Cryptocurrency exchange Coinbase will begin buying back up to $150 million of its 2031 senior notes for 64.5 cents on the dollar, a discount of 35.5%.
According to the Aug. 7 announcement, the tender offer will last until Sept. 1, with an early premium of three cents on the dollar on top of the regular purchase price. The 2031 senior notes have a coupon rate of 3.625% per annum and a total principal balance of $1 billion.
Last month, the exchange redeemed $65 million in convertible notes at a discount of 29%. Since the onset of the cryptocurrency bear market, Coinbase’s debt securities have been trading at a discount to par value amid investor concerns about its ability to repay.

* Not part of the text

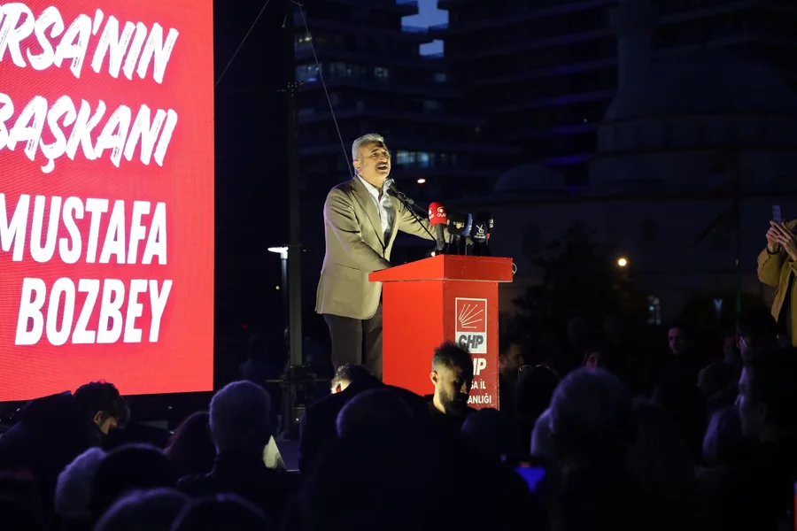 Bu ne demek biliyor musunuz? Bu, sıradan bir seçim sonucu değildir! Bu, Bursa'nın çok net, çok güçlü bir irade beyanıdır! Bu, her iki Bursalıdan birinin "Benim başkanım Mustafa Bozbey'dir" demesidir! Peki şimdi soruyorum size...Başkanımız yaptığı hizmetler için mi cezalandırılıyor? Bozbey'in suçu ; Çocuklarımız için kreşler açmak mı, Bozbey'in suçu, yarattığınız yoksulluğa kent lokantaları ile merhem olmak mı? Bozbey'in suçu zehir saçan asbestli boruları değiştirip, halkın sağlığını düşünmek mi? Yoksa Bozbey'in suçu yaptığı indirimlerle Türkiye'nin en ucuz öğrenci taşımacılığını gerçekleştirmek mi? Yoksa Bozbey'in suçu ağır enflasyon altında yaşam mücadelesi veren gençlerimiz için açtığı Burfaş kafelerle nefes olmak mı? Yoksa Bozbey'in suçu tamamlayamadığınız Çınarcık barajını devreye sokup Bursa'nın su sorununu kökten çözmek mi? Yoksa ; Bozbey'in suçu çiftçiye emekliye destek olacak sayısız projeyi hayata geçirmek mi?

In its May 2022 filing with the United States Securities and Exchange Commission, Coinbase indicated that users’ digital assets held on the platform may “be subject to bankruptcy proceedings” and could see them treated as “unsecured creditors.” Such risk factors are disclosed as part of SEC filings for publicly listed companies. As seen in other proceedings, such as FTX and Celsius, unsecured creditors typically only recover a fraction of their original assets as companies’ funds are first liquidated to repay senior creditors.
Not your keys, not your crypto. This is from coinbase. pic.twitter.com/CaIzQBYQ38
— Richard Heart (@RichardHeartWin) May 11, 2022
The exchange also faces an ongoing SEC lawsuit over allegations it is operating an unregistered securities exchange. The firm has since filed for a dismissal of the lawsuit.
In its Q2 2023 report, Coinbase disclosed that it held $3.3 billion in long-term debt compared with $5.2 billion in cash and equivalents. It recorded $614 million in operating cash flow during the first six months of 2023. Compared to Q2 2022, customer crypto deposits on the exchange grew by 40% to $124.2 billion.